Input data
• • • •

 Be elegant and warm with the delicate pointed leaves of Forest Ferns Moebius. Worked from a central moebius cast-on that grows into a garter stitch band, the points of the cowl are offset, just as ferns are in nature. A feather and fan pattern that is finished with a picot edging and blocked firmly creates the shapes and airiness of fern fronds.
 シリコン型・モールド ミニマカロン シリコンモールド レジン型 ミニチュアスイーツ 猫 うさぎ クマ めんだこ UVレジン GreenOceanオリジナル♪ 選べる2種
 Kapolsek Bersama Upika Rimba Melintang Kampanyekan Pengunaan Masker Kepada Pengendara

• • • •

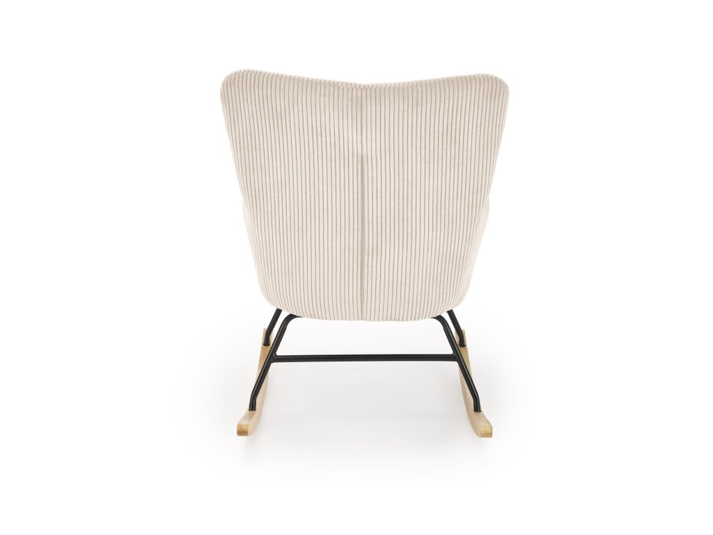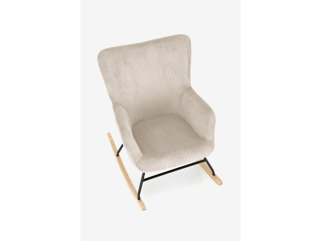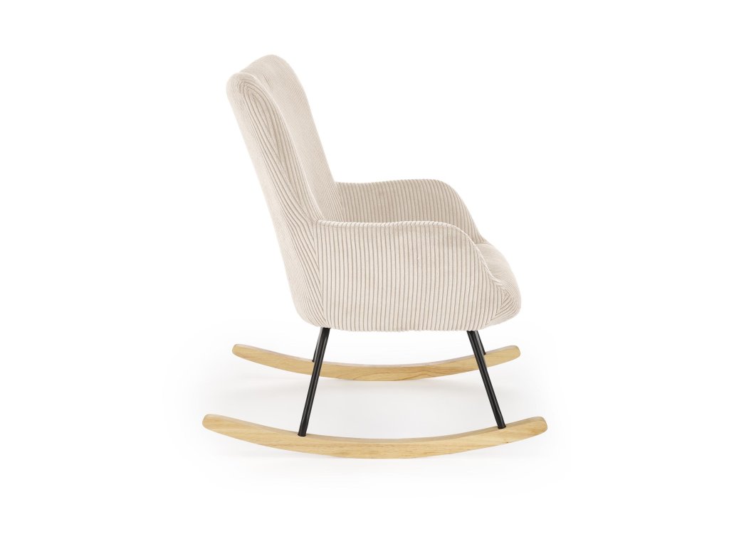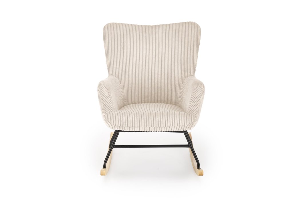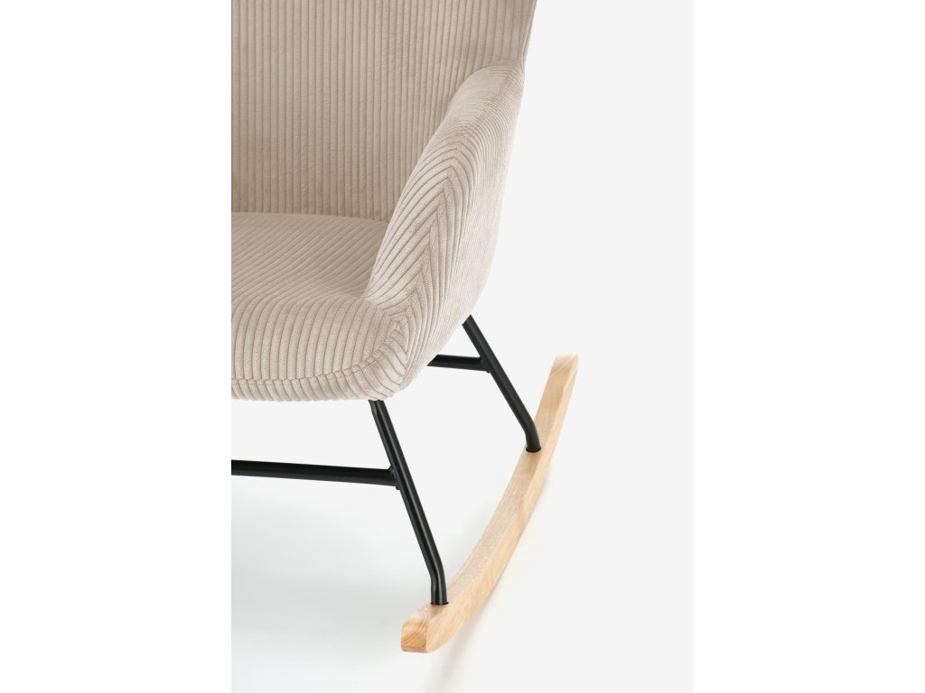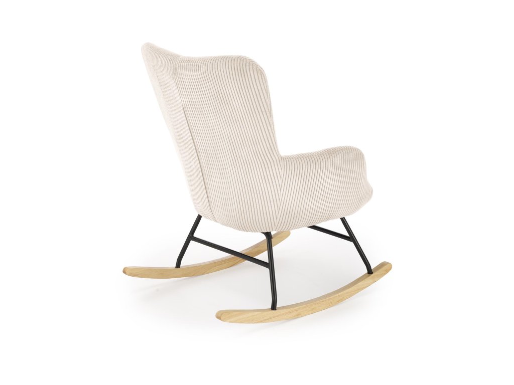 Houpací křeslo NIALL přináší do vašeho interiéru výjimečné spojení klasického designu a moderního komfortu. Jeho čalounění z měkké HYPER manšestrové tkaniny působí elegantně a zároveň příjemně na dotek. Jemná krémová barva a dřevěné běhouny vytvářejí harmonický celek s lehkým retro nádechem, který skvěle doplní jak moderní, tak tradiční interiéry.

• • • •

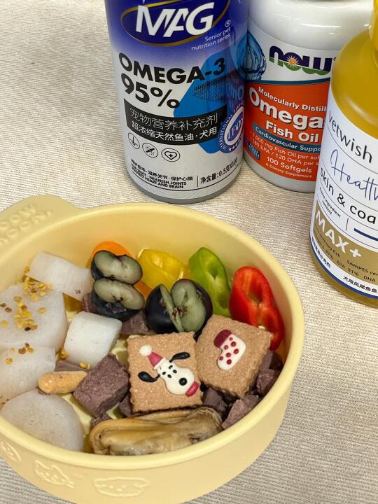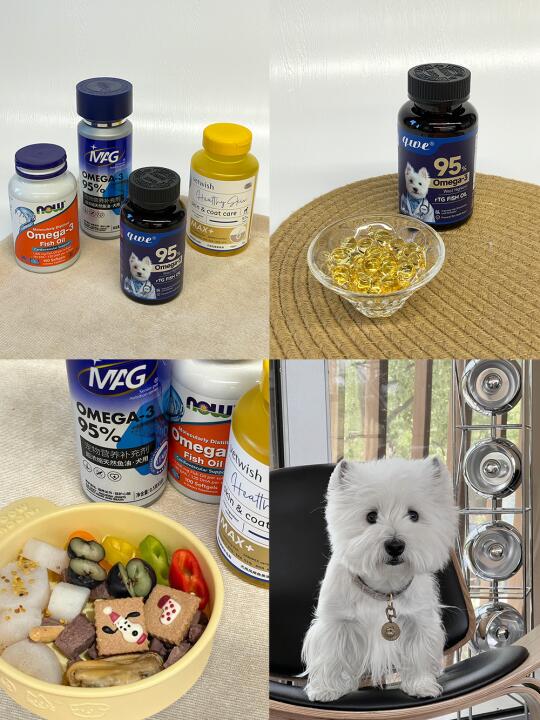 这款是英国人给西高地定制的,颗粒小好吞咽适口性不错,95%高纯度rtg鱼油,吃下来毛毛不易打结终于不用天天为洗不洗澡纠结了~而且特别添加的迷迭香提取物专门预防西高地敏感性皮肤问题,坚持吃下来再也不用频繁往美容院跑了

• • • •

Beginning with the line above that contains "Be elegant and", copy each line exactly up to and including the line that contains "Kapolsek Bersama Upika", and go no further.

 Be elegant and warm with the delicate pointed leaves of Forest Ferns Moebius. Worked from a central moebius cast-on that grows into a garter stitch band, the points of the cowl are offset, just as ferns are in nature. A feather and fan pattern that is finished with a picot edging and blocked firmly creates the shapes and airiness of fern fronds.
 シリコン型・モールド ミニマカロン シリコンモールド レジン型 ミニチュアスイーツ 猫 うさぎ クマ めんだこ UVレジン GreenOceanオリジナル♪ 選べる2種
 Kapolsek Bersama Upika Rimba Melintang Kampanyekan Pengunaan Masker Kepada Pengendara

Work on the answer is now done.